During the plague of 1575-1577, physicians increasingly used masks with a beaked nose filled with aromatic herbs to try to protect themselves from patients, still not realizing that the plague was mainly transmitted by fleas infected with bacteria on rats rather than “bad air.” “
“It was still a key experience for the history of medicine, the history of health care and the history of treating infectious diseases,” Zampieri said.
After the plague of 1630 wiped out about a third of the population again, tired Venetians thanked the Virgin Mary for not taking even more lives: they built the church of Santa Maria della Salute (St. Mary of Health) across the Grand Canal from St. Mark’s Square, one of the most visible and the most famous images of the city.
The central location of the huge basilica with octagonal domes at the top of the Venetian customs port was entirely intentional, to show the city’s gratitude for surviving and bouncing off the plague, said art historian Silvia Marchiori, curator of the Venetian Patriarchate Manfrediniana Museum.
“When you arrived in Venice, you arrived from the sea, not from the mainland, so you had to notice this large temple built of white Istrian stone to attract attention,” she said.
To this day, Venetians worship the icon of the Mother of God in the basilica during one of the city’s main religious festivals on November 21, a day dedicated to praying for good health, she said.

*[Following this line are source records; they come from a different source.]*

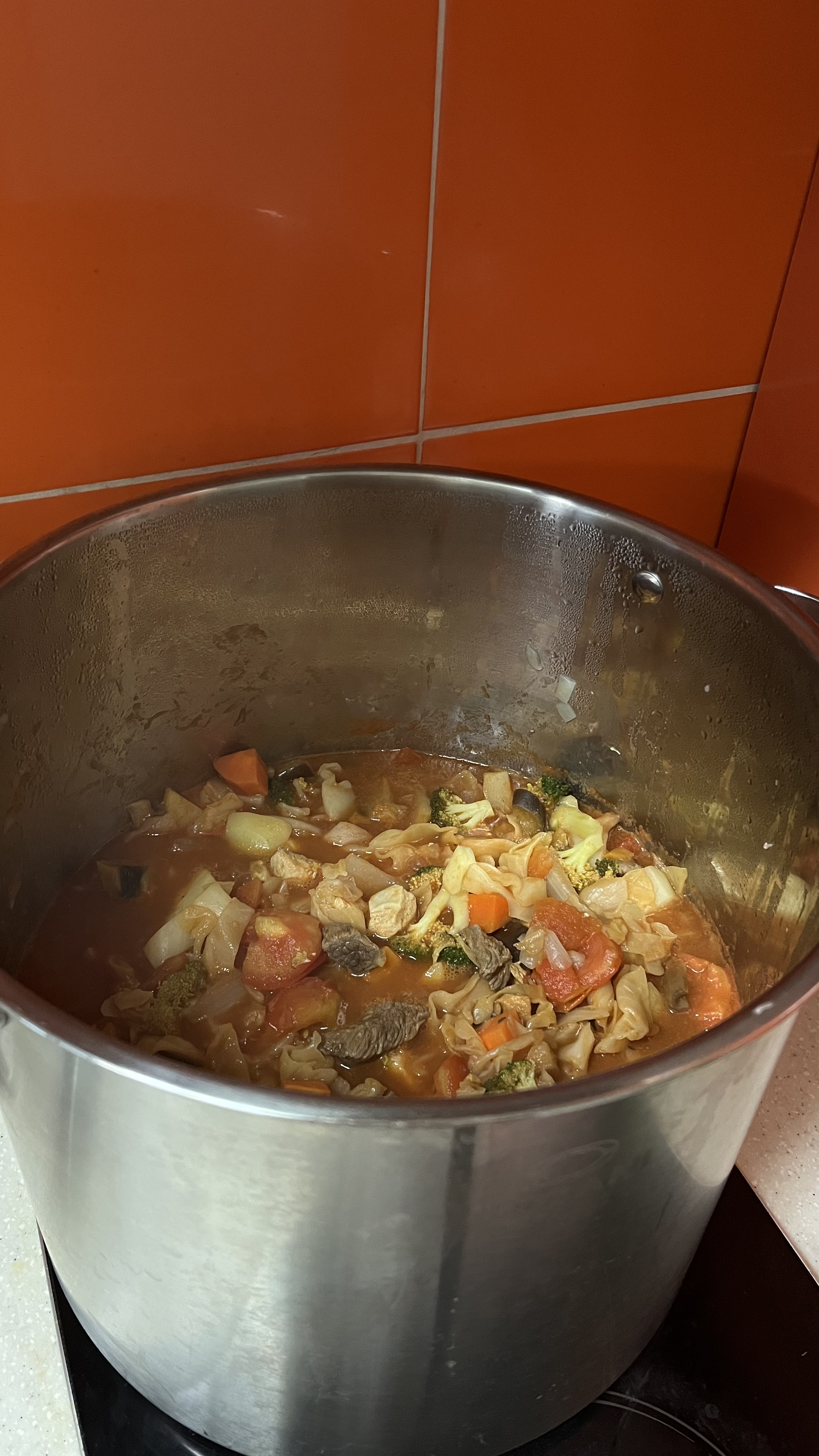 다음에는 야채를 줄이던지 토마토 스튜를 한 통 더 사던지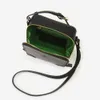側面底部から大きく開くファスナー式メインコンパートメントには、荷物を取り出しやすくするためのマチ付き。 鍵など小さい貴重品は内部のファスナーポケットに。 スマホなどすぐ取り出したいものは、背面のオープンポケットが便利。 ショルダーベルトは持ち方によって長さの調節が可能です。 シンプルな作りながら、収納力もキープ。内布の緑色がアクセントになり、コーディネートの一役に。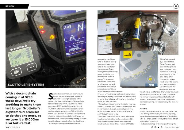 appeals to , the Phase One endurance racing team guys have been fans of the Scottoiler for years , and Team Manager Russell Benney says a Scottoiler is a definite for 24-hour racing , “ It saves one 90-second chain stop , which gives a lap and potentially a couple of places in a race ”. Ok , so that ’ s for endurance racing , but In terms of road riding , we hear of many riders doubling or tripling their chain life . At the price of some chains today , within one or two chains ’ worth , it ’ s paid for itself . Things have moved on and Scottoiler now has a slew of options for a range of riders from the Micro vSystem through to the eSystem v3.1 , which Eurobike , the NZ Scottoiler importer , sent through for us to try . Scottoiler claims this is the “ most advanced electronic chain oiling system in the world ”. So , to make sure we gave it a proper Kiwitough test , we fitted it to a Honda CRF1000L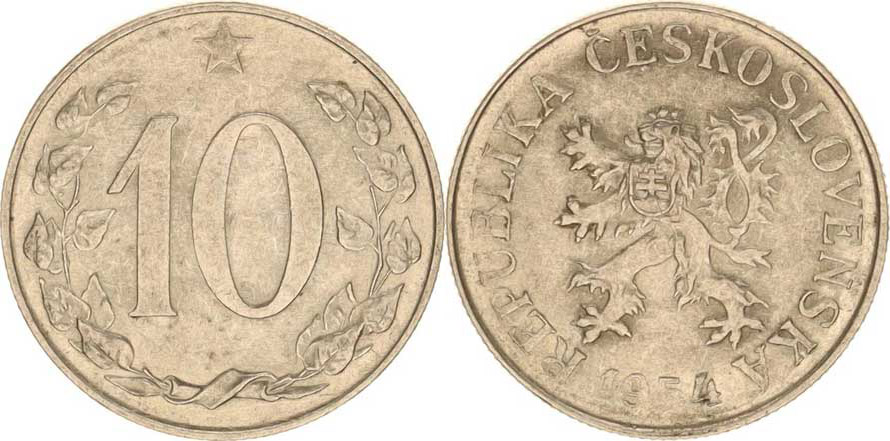 10 hal. 1954, zmetek - mělce ražen letopočet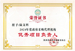 陸文科 、王攀宏、丁杰榮獲“2024年度政府采購代理機(jī)構(gòu)優(yōu)秀項(xiàng)目負(fù)責(zé)人”稱號(hào)。
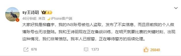 隨後,柳鑫宇終於發聲,不過還是用的搭檔的賬號,他表示,自己和王詩玥現在正在備戰訓練,出現這種情況,非常憤怒,本人已報警,正在等待警方的後續處理。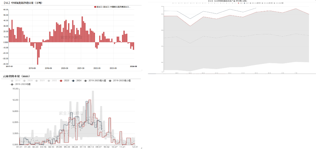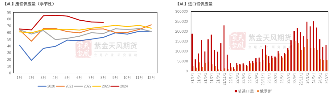 以近两年为例,在2023年宏观复苏预期转好的3-4月,4月全口径铝累计供应增速为6.22%,而随着5-6月的宏观预期转弱,7月的全口径铝供应增速约为5.46%,其供应增速较前两个月的明显回落。而2024年,在远期乐观预期的持续交易下,铝价格持续冲高,对应的铝供应(以废铝、进口铝锭为主) 出现显著性的上涨,截止2024年七月,全口径铝供应增量约为9.98%。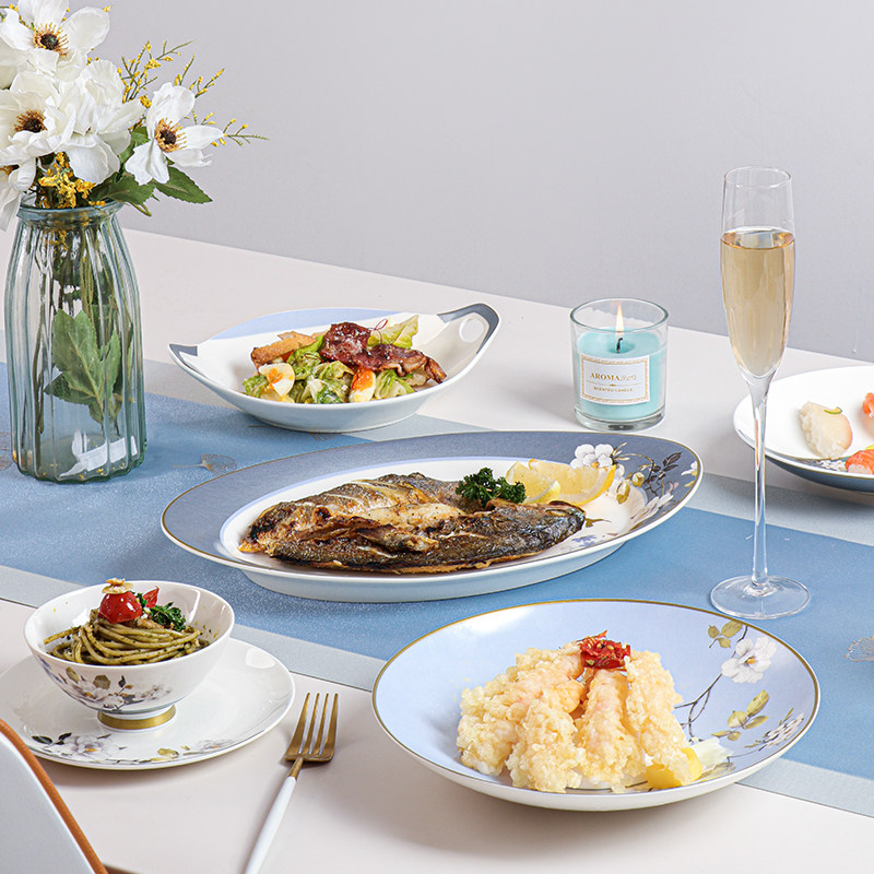 餐具套装饭碗面碗菜盘鱼盘品锅中式家用骨瓷碗碟碗盘组合陶瓷碗碟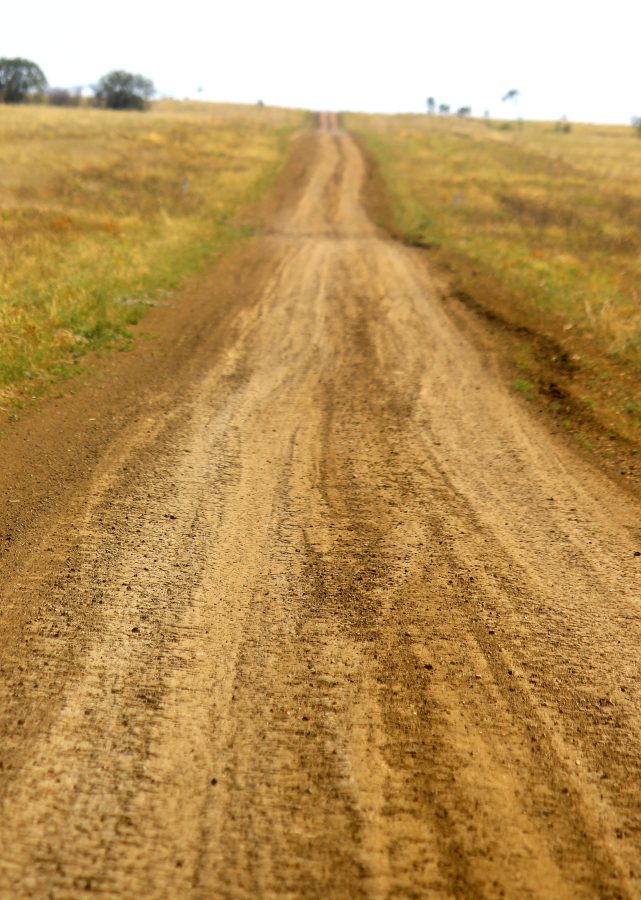 The road conditions were varied, but the dust billowed no matter. My attempts to seal the front door were flapping about wildly and the knot in my stomach was the cleaning job that undoubtedly was in front of me, if or when I made it back to civilization. There were many dips in the road, and a couple of times they jumped up at me and the car and van leapt about. Some of the road traversed black soil country. Black soil and rain is a lethal combination for getting bogged. Why the local Council felt stretches of it needed watering down that day, remains a mystery even now. Pyramids of clodding earth soon talk hold on the front edges of the van and soon she was wearing some kind of pointy bra.

Whether through prayer, public health policy, or discipline, Venice as a whole did relatively well during its last pandemic. The city made an extraordinary decision in February 2020 – when the coronavirus was just beginning to be detected in northern Italy – to cancel his famous carnival. It remained locked during the worst pandemic, observing neighboring Lombardy and even parts of the surrounding Veneto region infected with infections and death in one of the hardest hit countries in Europe.
Venice has been rewarded with a steady return of visitors this spring and summer, just in time for celebrations marking the city’s 1600th anniversary, a film festival, sailing regattas and star-studded Valentina and Dolce & Gabbana fashion shows.
It’s all part of Venice efforts to attract visitors who stay, to spend and appreciate the city’s history and art, not the picnickers who ride the gondola down the Grand Canal and call it the day, said tourism chief Venturini.
“These are the pillars on which we are building post-COVID tourism,” he said.